Originally posted by Kento
Can it even work when most of the votes for the left would be done at the end of PA election day where they couldn't count any mail-in votes until the day of, unlike other states?
Yes. It is not a function of time. It is a function of the actual results. Optimally, you do it at the end of the vote-counting.
It is not a chronological analysis of voting. It is an "numeric frequency analysis" to see how often 1s, 2s, 3s, etc. show up in the data.
And if your analyzed data set is too small, the result is noisy (meaning, it will show all over the place). Similar to "normalized data sets", you need sufficient elements in the set to properly analyze them. You can do this at the precinct level because you have hundreds and thousands of them. You cannot and it should not be done at the county level: not enough counties to do a proper analysis.
And, remember, the analysis done on the leading digit for each element in the analyzed data set, not the entire "number."
If you're interested, here's how it works (skip if this is boring crap to you: no, not offended if you skip):
Large sets of data follow a numerical law called Benford's Law. So in an accounting ledger that has all transactions (purchases, sales, etc.), you'd see the number "1" show up the most frequently at around 30% of the time for LEADING NUMBERS (the first number in a value that shows up). Don't confuse the actual symbolic "1" for the actual value of 1. We are talking about the literal written base-10 symbol "1" showing up in accounting data.
..................
What's great about Benford's Law is it can apply to lots of other things like votes in large elections. If there is fraud or impropriety, measuring the votes against Benford's Law can show you which areas may have fraud and which may not. HOWEVER!!!!!! (pretend I'm a professor in class screaming at this point to emphasize how important it is...and I'm firmly tapping the chalkboard with chalk while pointing to crazy charts and graphs that illustrate Benford's Law), you need large sets of data to use Benford's Law to measure how close a data set is to Benford's Law.
.............
Remember, it is not measuring the data value. Meaning, you don't measure some raw number like "Biden got one thousand two hundred and fifty three more votes than Trump in Fulton County." You're measuring how often the number 1 shows up in the voting data, how often the number 2 shows up in the voting data, etc. But ONLY FOR LEADING NUMBERS: the first number that shows up in the value of each data element in the measured set.
...................
And Benford's Law shows us that in naturally occurring data sets, the number 1 shows up about 30.1% of the time, the number 2 shows up about 17.6% of the time, etc.
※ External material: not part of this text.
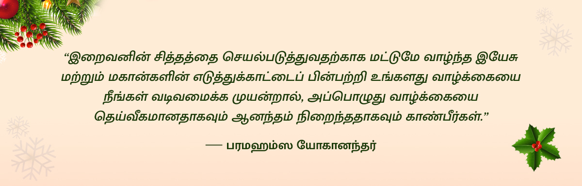 உங்களுக்கும், உலகம் முழுவதும் உள்ள பரமஹம்ஸ யோகானந்தருடைய எல்லா ஆன்மீகக் குடும்பத்தினர் மற்றும் நண்பர்களுக்கும் அன்பான, மனமார்ந்த, மகிழ்ச்சியான கிறிஸ்துமஸ் வாழ்த்துகள்! இந்தப் புனிதப் பருவத்தில் கர்த்தர் இயேசு கிறிஸ்துவின் பிறப்பை நாம் கொண்டாடும்போது, உங்களது தியானத்தின் அமைதியில் அன்பிற்குரிய இந்தத் திருஅவதாரத்தின் எல்லையற்ற கிறிஸ்து-அன்பை — உலகக் குடும்பம் முழுவதையும் தொடர்ந்து ஆசீர்வதித்து, ஆன்மீகமயமாக்கும் அன்பை — இன்னும் அதிகமாக ஆழ்ந்து உணர நான் பிரார்த்திக்கிறேன்.
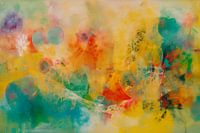 Abstract schilderij met een kleurrijke mix van vormen en kleuren die samen een dynamisch en levendig beeld creëren. De kleuren lijken te dansen op het canvas wat zorgt voor een gevoel van beweging.

So pretend you have the following set of voting data:
County A votes for Biden: 4,898
County B votes for Biden: 9,548
County C votes for Biden: 8,990
County D votes for Biden: 798
..............
Running it through Benford's Law, you'd see that it doesn't follow that at all.
Looking at only the first number, you get:
Zero 1s
Zero 2s
Zero 3s
One 4s
Zero 5
Zero 6s
One 7
One 8
One 9s
................
Does that match Benford's Law? You know from Benford's Law that about 30% of the leading numbers should be "1s." But only a single one of the numbers in the data is a "1."
.............
In reality, that data set is far too small. But we have far more sets of voting data than just 4 to check Benford's Law against. Usually for "representative data", or a normalized data set, you need 30-60. Sometimes, it could be as many as 3,000 needed.
Let me know if that makes sense.